Dr Low also affirms the importance of prioritising housing when looking at reoffending as a whole, stating that “it provides a base, for example, to attend treatment programmes or engage with community support. It provides a base to go to and from work.”
Distinguishing living under a roof, compared to having a home, she continued that “somewhere which feels like ‘home’ offers important psychological benefits. For example, a space in which you have control and ownership over and which you can express yourself.”
In order to assist this, instead of the current system of CAS3 (Community Accommodation Service Tier 3) providing 84 nights of temporary accommodation, which Mr Frost says “buys time without buying outcomes”, he suggests “that spend would do far more work if it incentivised private landlords, housing associations and councils to prioritise this cohort, backed by real support: help with evictions, a route for dealing with anti-social behaviour, and indemnity against damage or incidents.

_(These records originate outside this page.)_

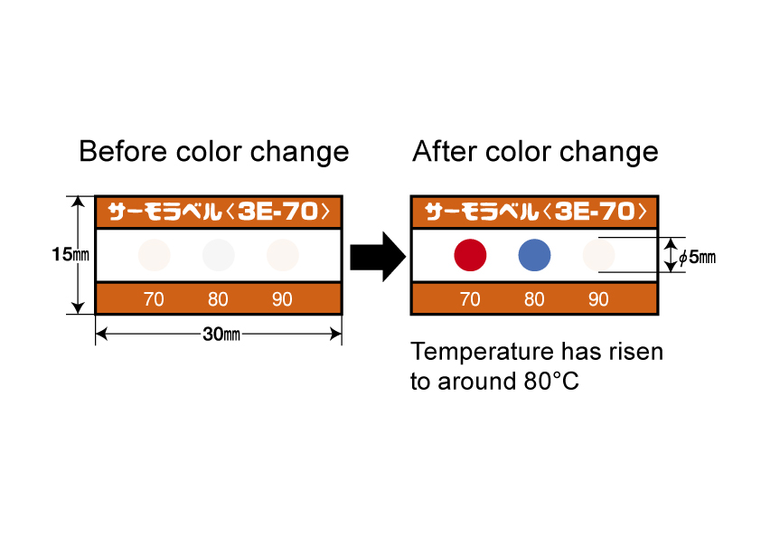 3E-45 การรวมกันของจุดตรวจวัดสามจุดในช่วงเวลา 10°C ด้วยขนาด ø5 mm จะติดอยู่บนฉลากเดียวเพื่อตรวจสอบอุณหภูมิเกณฑ์ที่แตกต่างกัน 3 แบบ 45 55 65  ถูกพิมพ์บนฉลากแบบใช้ครั้งเดียวเพื่อตรวจสอบการรวมกันของอุณหภูมิเกณฑ์ที่แตกต่างกันสามแบบ แต่ละตัวจะเปลี่ยนสีเมื่อถึงอุณหภูมิที่ตั้งไว้ ประเภทนี้ใช้สำหรับการใช้งานที่หลากหลายสำหรับการตรวจสอบอุณหภูมิภายในและภายนอกอาคาร บริษัทพลังงานสามารถใช้เพื่อตรวจสอบอุปกรณ์ส่งกำลังและควบคุมอุณหภูมิของเครื่องจักร เพื่อป้องกันอุบัติเหตุและเพิ่มประสิทธิภาพการควบคุมความปลอดภัย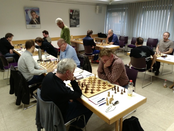 Allgemeines Aufatmen, denn Mannschaftsführer Manfred Kroth musste seine hoffnungslose Stellung bald aufgeben - und keiner wollte haben, dass alles an der ausgeglichenen Partie von Helmut Heiming hängt. Nun, auch diese wurde schließlich zum 5½:2½-Endstand remis gegeben.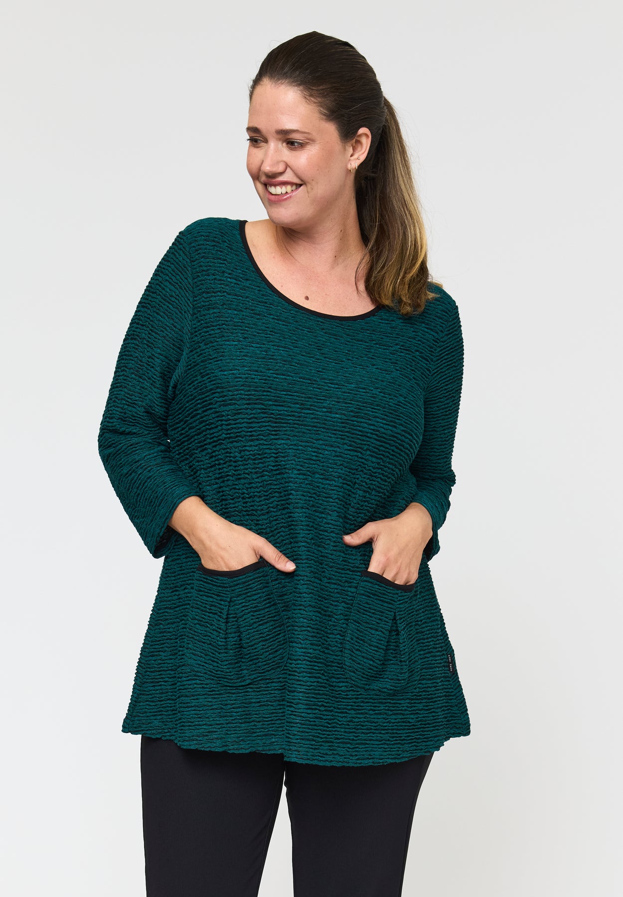 Lotte Tea er en flot og klassisk bluse med A-formet pasform og lommer foran, der tilfører et praktisk element til designet. Den melerede effekt i stoffet skaber et spændende udtryk, som passer perfekt til både hverdags- og kontorbrug. Blusens længde og afslappede stil gør den nem at kombinere med forskellige bukser eller leggings.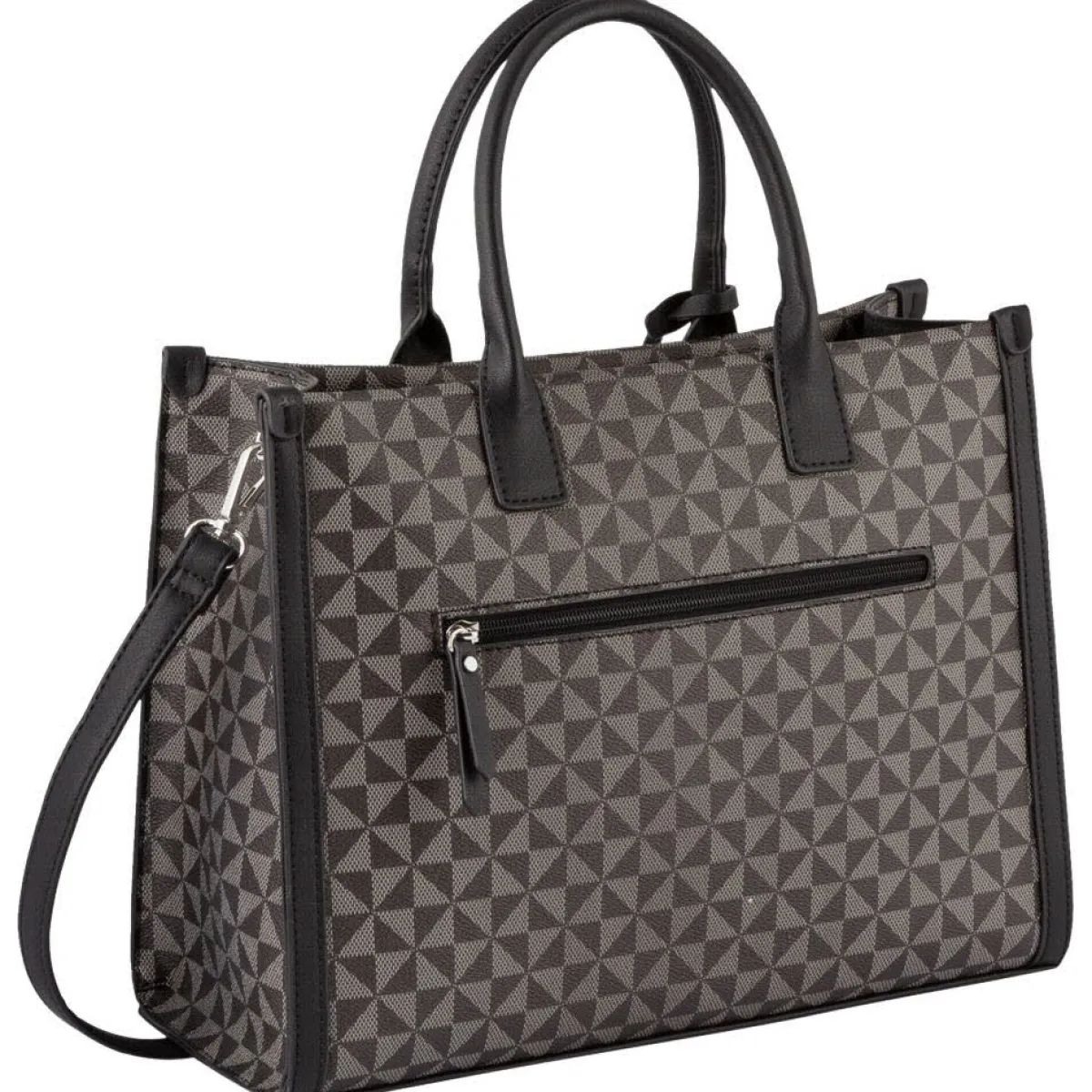 Die Handtasche wurde aus pflegeleichtem Kunstleder in Schwarz und Braun gefertigt und mit einem grafischen Allover Print versehen. Die Tasche ist durch ihr stilvolles Design ein besonderer Blickfang und begleitet dich besonders edel in der Freizeit und ins Büro.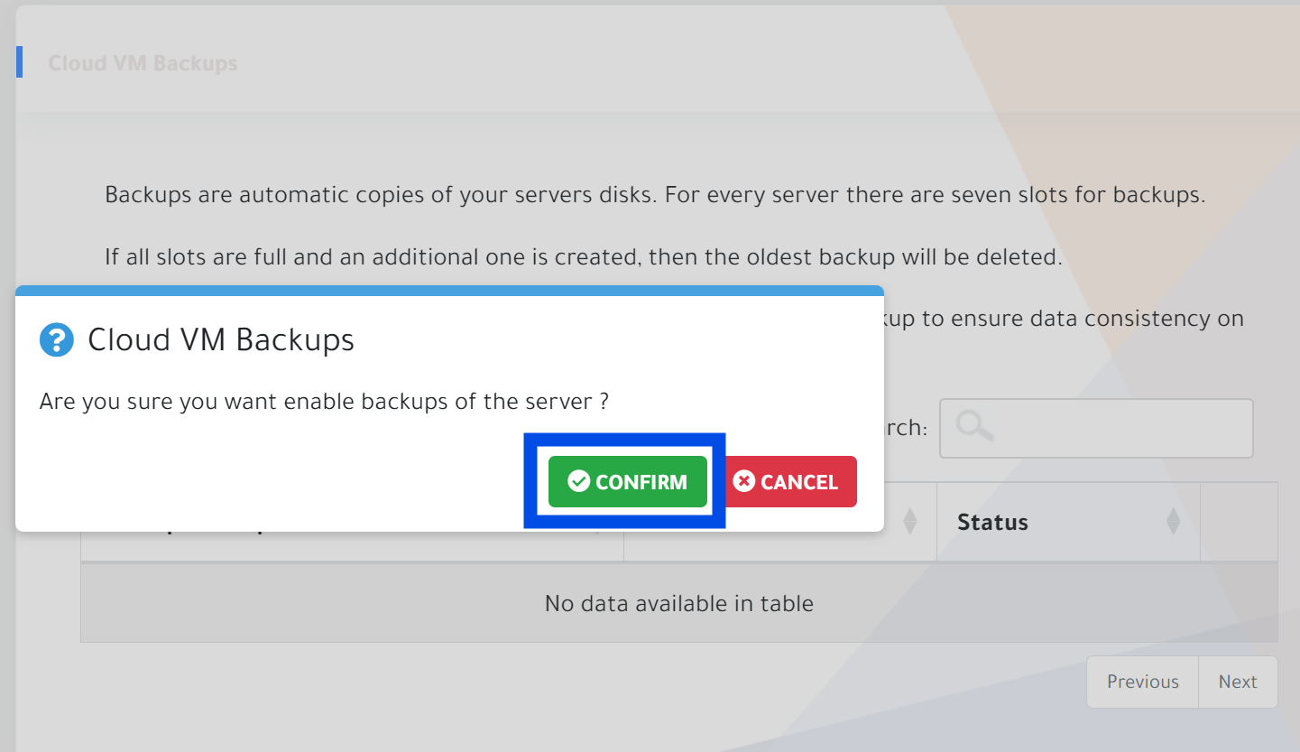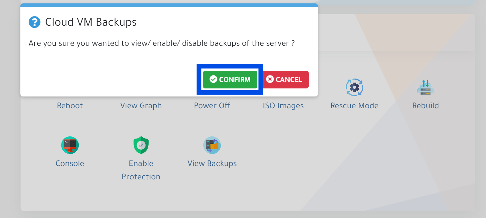 A confirmation dialog box will appear asking, "Are you sure you wanted to view/ enable/ disable backups of the server?". Click the green "CONFIRM" button to continue to the backup management page.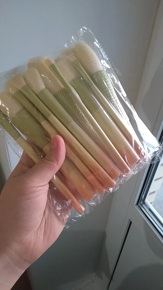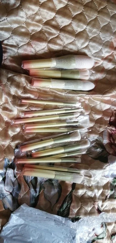 Пришло быстро, до Екатеринбурга примерно за полторы недели. Кисти очень мягкие (или не плотно набиты, не знаю, я в этом не разбираюсь) , это скорее минус, потому что пигмент сложновато набирается, нужно прилагать усилия, НО то, как они приятно наносят косметику перекрывает все внешние недостатки. Ручки деревянные, на кончике немного помятые, но не влияет на качество нанесения, поэтому ничего страшного. В принципе, довольна. Товар рекомендую.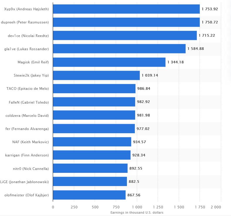 据财报显示,选手的工资占了这些支出的大头。在2019年《CS:GO》选手收入榜中,A队选手霸占五席。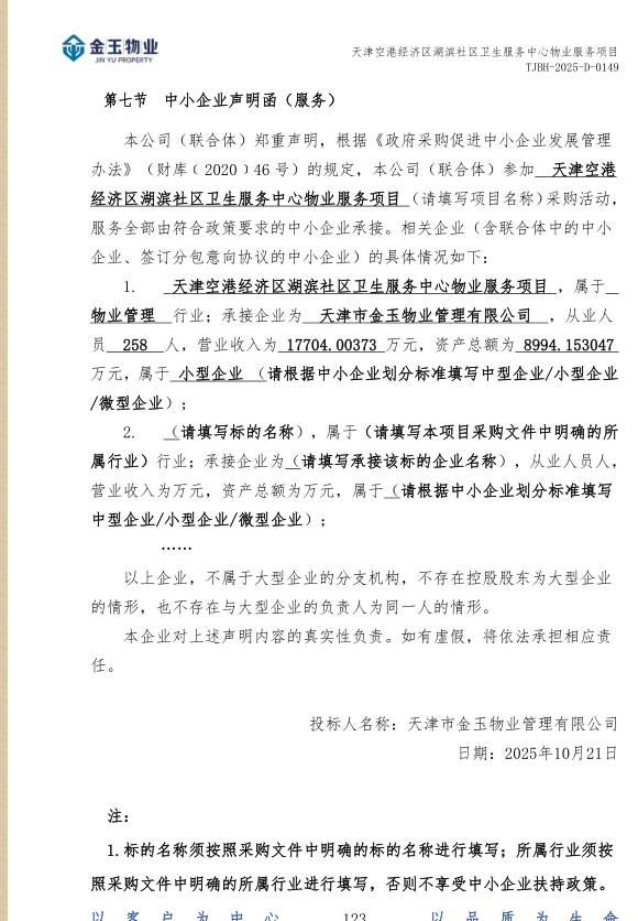天津空港经济区湖滨社区卫生服务中心物业服务项目(项目编号:TJBH-...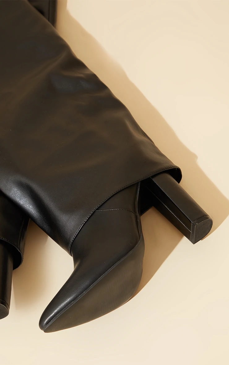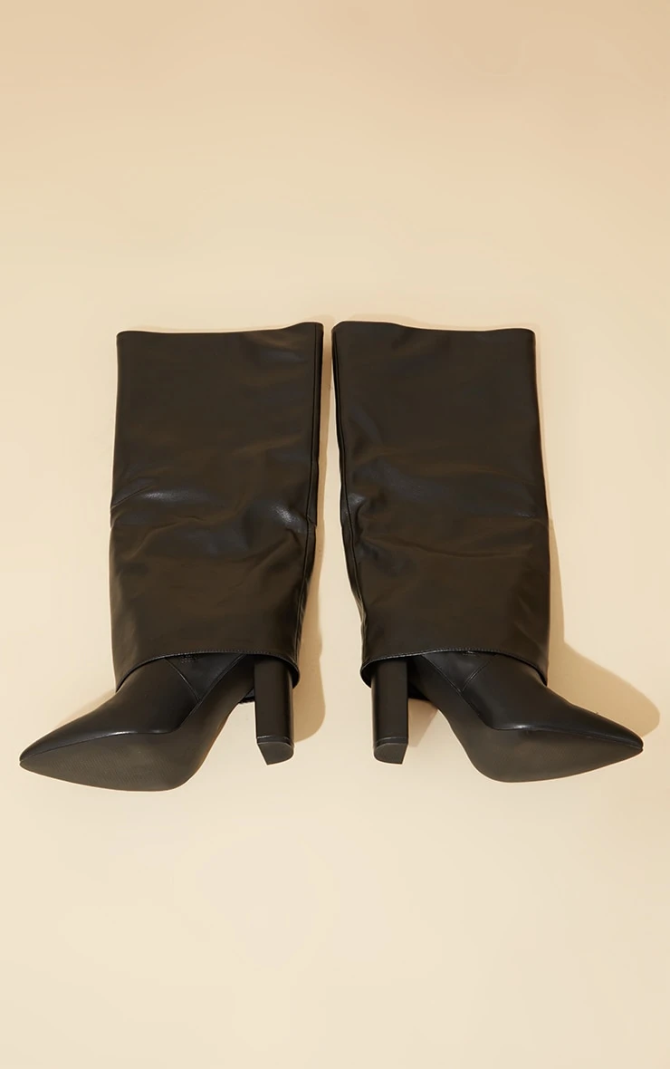 Prettylittlething Black Wide Fit Pu Pointed Fold Over Block Heel Knee Boots Black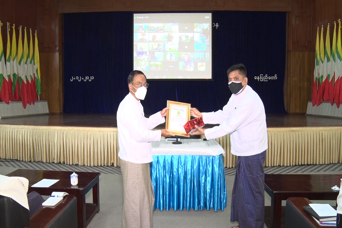 ယင်းနောက် ပြည်ထောင်စုဝန်ကြီးက လက်ထောက်ညွှန်ကြားရေးမှူး၊ ဦးတေဇာဥုတ်ကျော်အား ဂုဏ်ပြုမှတ်တမ်းလွှာနှင့် ဂုဏ်ပြု ဆုငွေပေးအပ်၍ နိဂုံးချုပ်အမှာ စကားပြော ကြား ခဲ့ကြောင်း သိရသည်။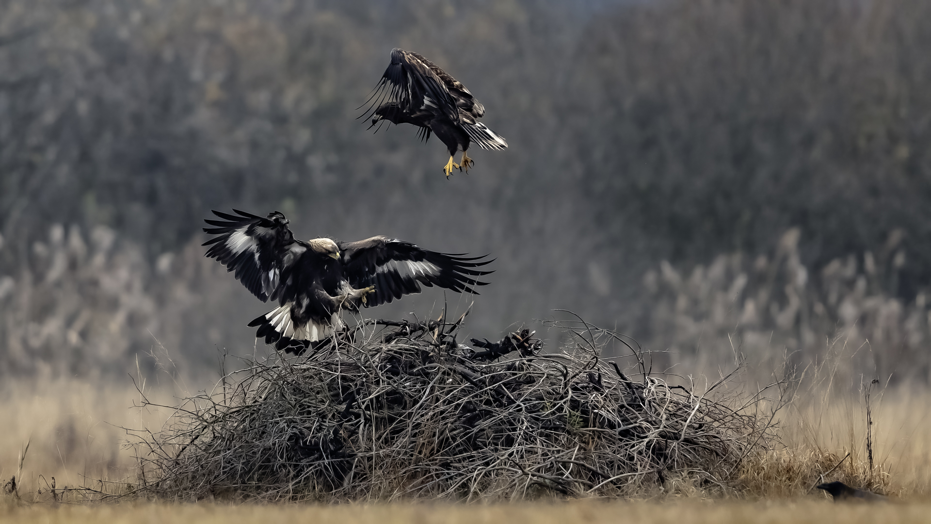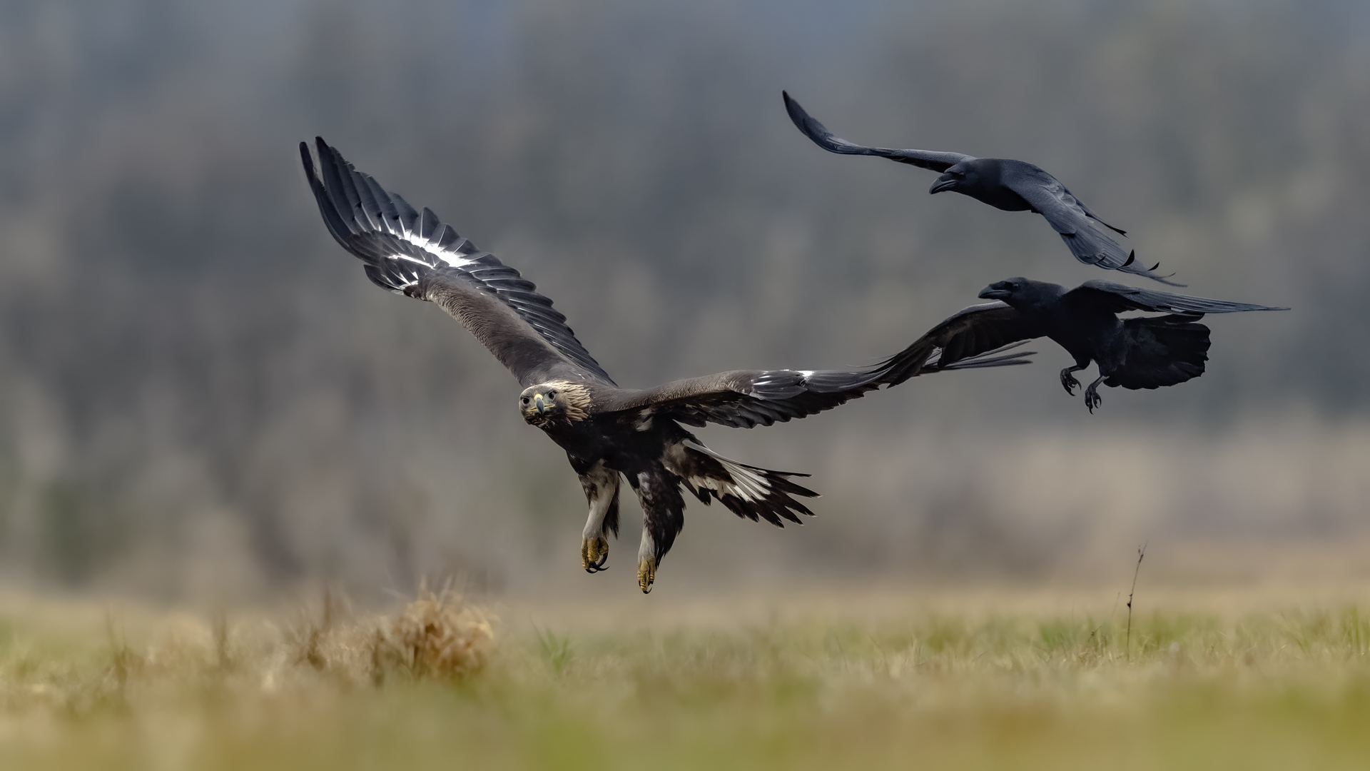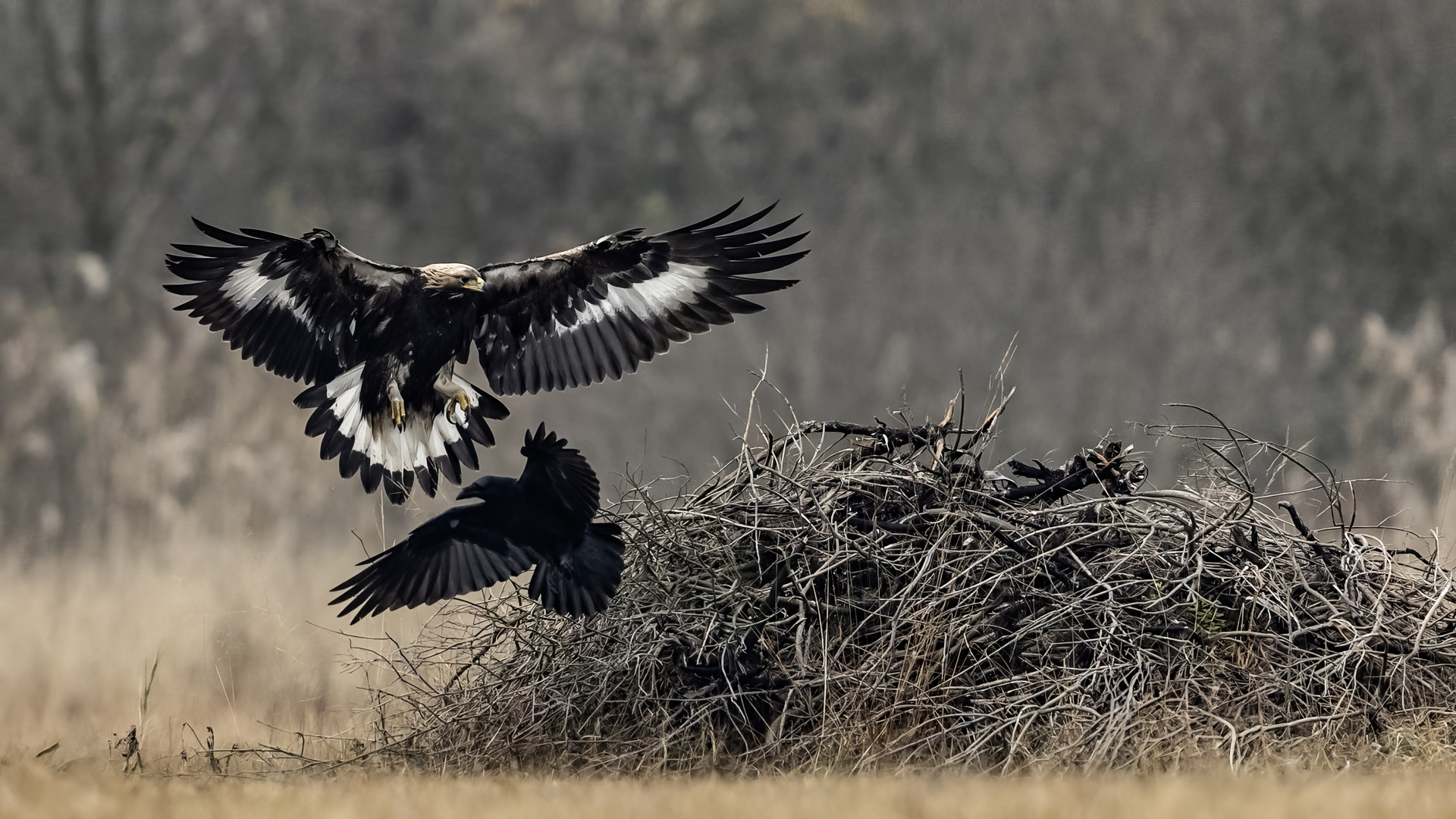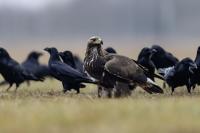 The premiere of a new version of my website opens golden eagle’s gallery, and actually changes that have occurred in this gallery. The display was founded not so long ago, just a few months ago, and was initiated by several documentary photos taken in Mongolia. And here we have such a surprise. Here in Poland I managed to take much better and more interesting shots of a golden eagle, actually two golden eagles, which appeared against the lens. Everybody there was very excited, because it is an amazing, strong, brave and rare bird. Although it probably was passing occasionally in a place where I photographed it, immediately changed the existing order that ruled in the clearing before its arrival. Adult white-tailed eagles, even though they were bigger, gave way without a struggle. And buzzards were disappearing without a trace at the sight of the golden eagle. Sometimes there was bad light, at times the distance was too big, or ravens crossed a frame, anyway, 3 stars go to the gallery as good one, because it is the golden eagle - the object of dreams probably all nature photographers.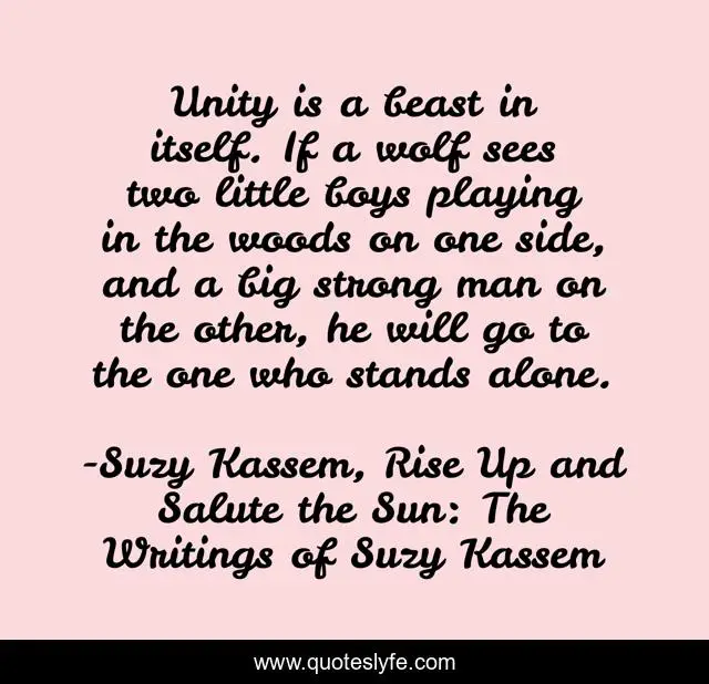 This page presents the quote "Unity is a beast in itself. If a wolf sees two little boys playing in the woods on one side, and a big strong man on the other, he will go to the one who stands alone.". Author of this quote is Suzy Kassem, Rise Up and Salute the Sun: The Writings of Suzy Kassem. This quote is about beast, unity, strength, suzy-kassem,.

“A tax incentive for private landlords, charities and CICs who take this group on would move the dial further.”
Accessing housing is the problem at the centre of many issues both prison leavers and wider society face, therefore implementing such methods would have an unexpected wide effect. As Mr Frost stated: “Fix housing first and the other interventions actually get a chance to work; skip it and you are pouring resource into a sieve.”